**WHAT TO DO:** In the entries that follow, locate the line with "Wallpaper Famous Actor", then restate that line and all later lines exactly as they appear, leaving pictures out.

**Dataset records:**

▬▬▬▬▬▬▬▬▬▬

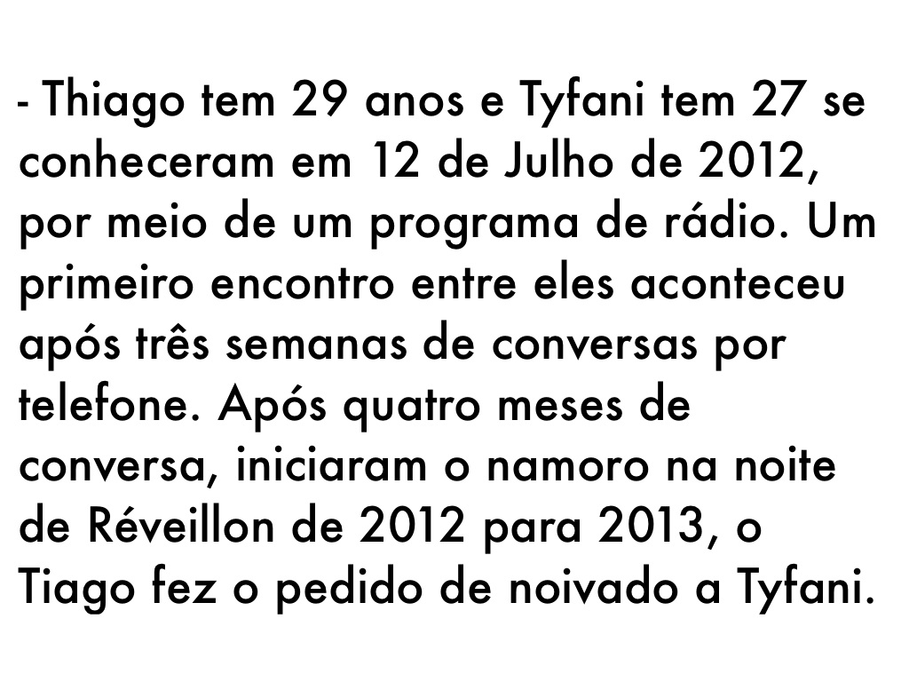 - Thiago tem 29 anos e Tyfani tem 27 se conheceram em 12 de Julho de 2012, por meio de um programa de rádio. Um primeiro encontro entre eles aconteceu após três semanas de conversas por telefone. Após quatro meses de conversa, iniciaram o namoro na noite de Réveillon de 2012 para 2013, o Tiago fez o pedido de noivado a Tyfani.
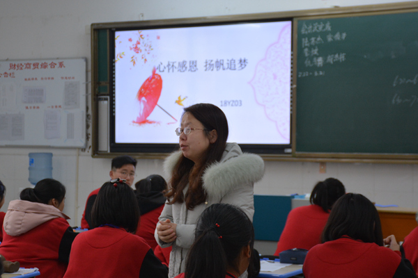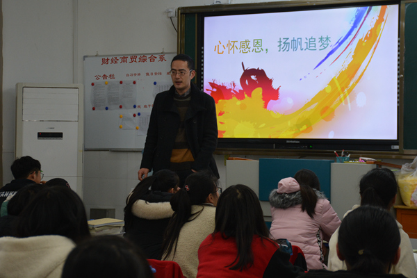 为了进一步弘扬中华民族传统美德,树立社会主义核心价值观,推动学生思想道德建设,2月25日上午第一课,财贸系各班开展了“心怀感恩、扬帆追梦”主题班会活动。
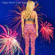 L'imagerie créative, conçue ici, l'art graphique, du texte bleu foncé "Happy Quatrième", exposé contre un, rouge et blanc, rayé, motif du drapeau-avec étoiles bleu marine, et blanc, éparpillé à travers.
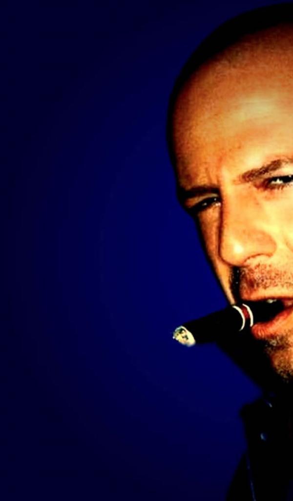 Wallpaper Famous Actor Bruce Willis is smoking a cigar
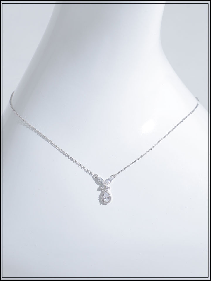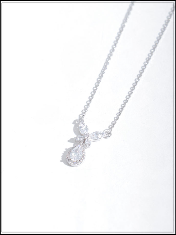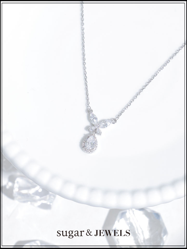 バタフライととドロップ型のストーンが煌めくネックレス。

▬▬▬▬▬▬▬▬▬▬

**OUTPUT OF THE EXERCISE:**
 Wallpaper Famous Actor Bruce Willis is smoking a cigar
 バタフライととドロップ型のストーンが煌めくネックレス。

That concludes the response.